Eu me interesso pela falta de explicação da alegria. Viva o humor do fodido. É o único que sobrevive às tragédias. Não ficará traumatizado, arrumará uma piada no acidente. Não ficará encastelado no quarto, pagará uma rodada ao pessoal do balcão.
A desgraça o torna generoso. Repentinamente natalino.
Meus grandes amigos estão cansados de recados, cada dia é um ultimato. Odeiam quando a atendente pergunta de onde são. Têm rancor por essa mania de rodoviária que atinge a maior parte das secretárias.
Meus grandes amigos são mórbidos. Compraram o jazigo na juventude. Os que pensam na morte cedo demoram a morrer. Preparam-se com tanta antecedência que perdem a hora.
A maldade preserva e o bem só traz rugas.
Posso garantir, todo santo estava acabado aos 40 anos.

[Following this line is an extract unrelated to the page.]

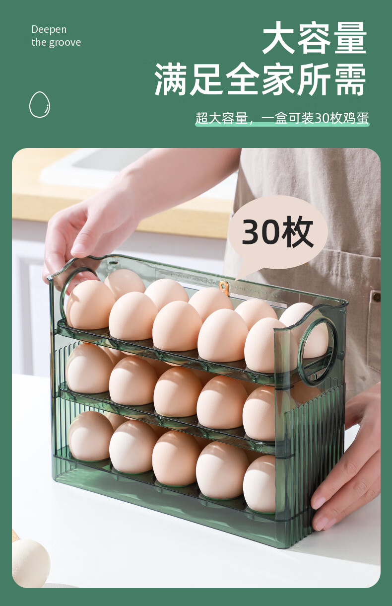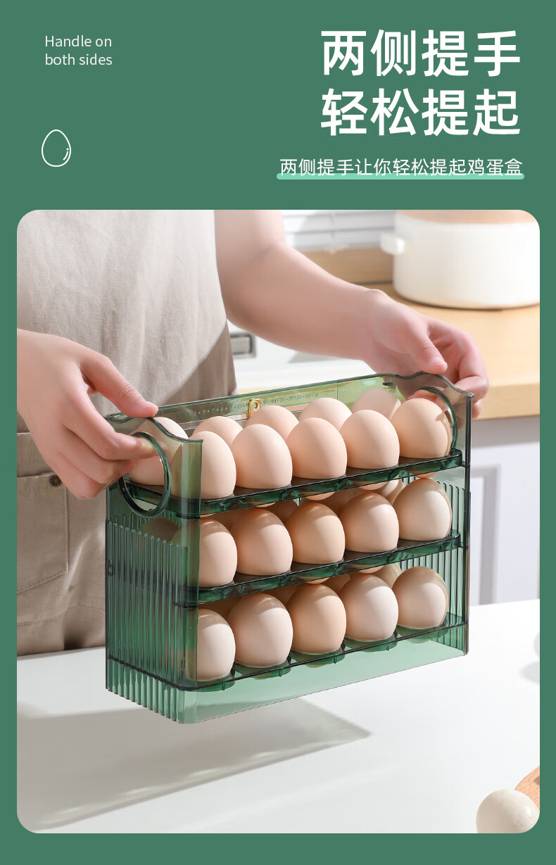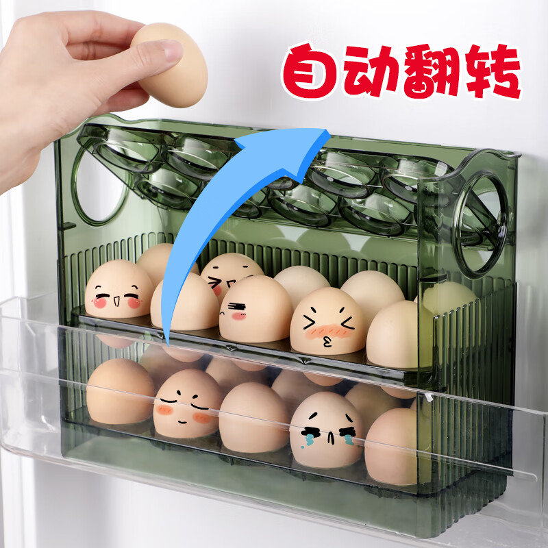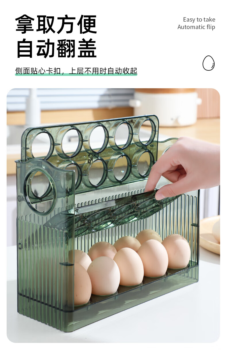 Rihe Shengtang flip-up egg storage box for refrigerator side door egg box drawer-type egg rack holder egg grid storage and organization ice transparent color 1 pack can hold 30 eggs

quarta-feira, 9 de dezembro de 2009

Vou de táxi

Entro apressada no táxi, cumprimento o motorista, digo meu destino enquanto ele não diz uma palavra.
E meu olho pára no taxímetro em bandeira dois, às sete da noite.
"Bandeira dois?? Por quê?", perguntei, sem a menor hostilidade, só querendo saber mesmo.
"Porque a senhora se informe. Em dezembro é bandeira dois."
Engoli a malcriação do sujeito e fiquei quieta. Lembrei do meu horóscopo do dia, que dizia para aguardar que o momento certo chegaria com a certeza do que fazer.
Então ele falou de novo.
"A senhora não é daqui do Rio?"
"Não, mas já moro aqui tem quatro anos."
"Tem uma lei, não sei se é municipal ou nacional..."
Cortei: "MAS COM CERTEZA nacional não é."
"Bom. Então tem uma lei municipal que o prefeito assina todo ano que diz que os táxis usam bandeira 2 em dezembro."
Eis o momento certo. Respondi, seca: "É bom saber pra não usar mais táxi, não é?"
Ele calou-se para todo o sempre.

E a título de curiosidade: a tal "lei municipal" é uma resolução da Secretaria Municipal de Transportes.

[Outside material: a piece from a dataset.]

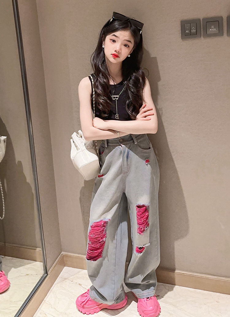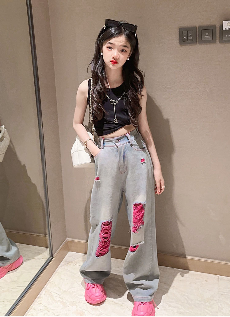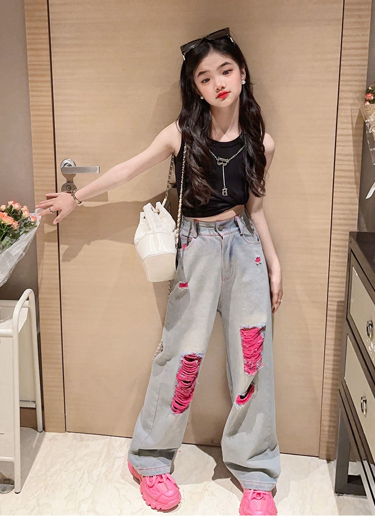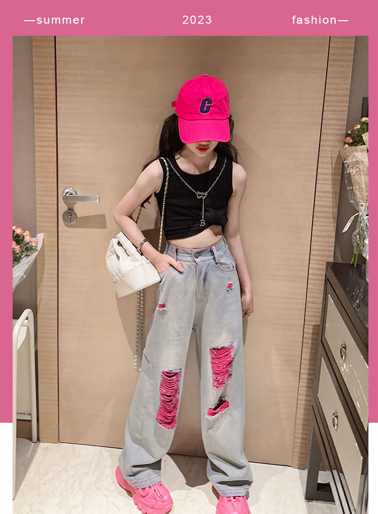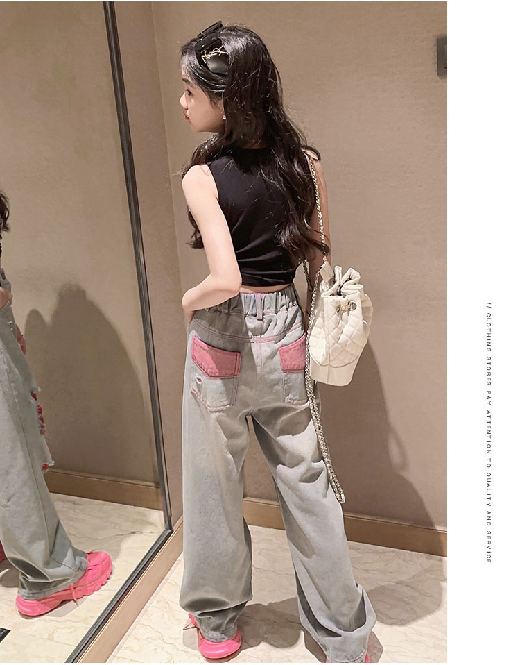 キッズ ダンス 衣装 セットアップ へそ出し トップス デニムパンツ ストレートパンツ k-pop HIPHOP ジャズダンス ヒップホップ 110 120 130 140 150 160 170

segunda-feira, 7 de dezembro de 2009

Like a tattoo

Já sei, já puxaram minhas orelhas sobre meu peculiar romantismo fim-de-século (pra não usar o termo exato - pessimismo). Até porque não concordo com isso: só acho que é uma maneira menos poliana de ver a vida, mais pé no chão, com menos expectativas e tentando se frustrar menos.
Encontro alguns parceiros nesse Weltschmerz-way-of-life no meio do percurso. Caio F., apesar do desencontro temporal, me parece sempre como um irmão, uma alma gêmea, um perdido nessa selva de concreto e humanidade como eu. Lendo agora sua "biografia", escrita pela amiga Paula Dip, sinto-me mais próxima dele, que foi muito mais desapegado do que eu, muito mais capaz de se aproximar da miséria, e talvez muito mais humano. Mas não adianta: Weltschmerz uma vez, para sempre Weltschmerz. E parece que em breve I'll wear it like a tattoo.
Por enquanto, fico com este trecho duma carta do Caio. Tão singular e tão universal.
"Querida mãe, querido pai: não sei mais conviver com as pessoas. [...] Tenho vivido tão só durante tantos - quase 40 - anos. Devo estar acostumado... Estou me transformando aos poucos num ser humano meio viciado em solidão. E que só sabe escrever. Não sei mais falar, abraçar, dar beijos, dizer coisas aparentemente simples como 'eu gosto de você'. Gosto de mim. Acho que é o destino dos escritores. E tenho pensado que, mais do que qualquer outra coisa, eu sou um escritor. Uma pessoa que escreve sobre a vida - como quem olha de uma janela - mas não consegue vivê-la".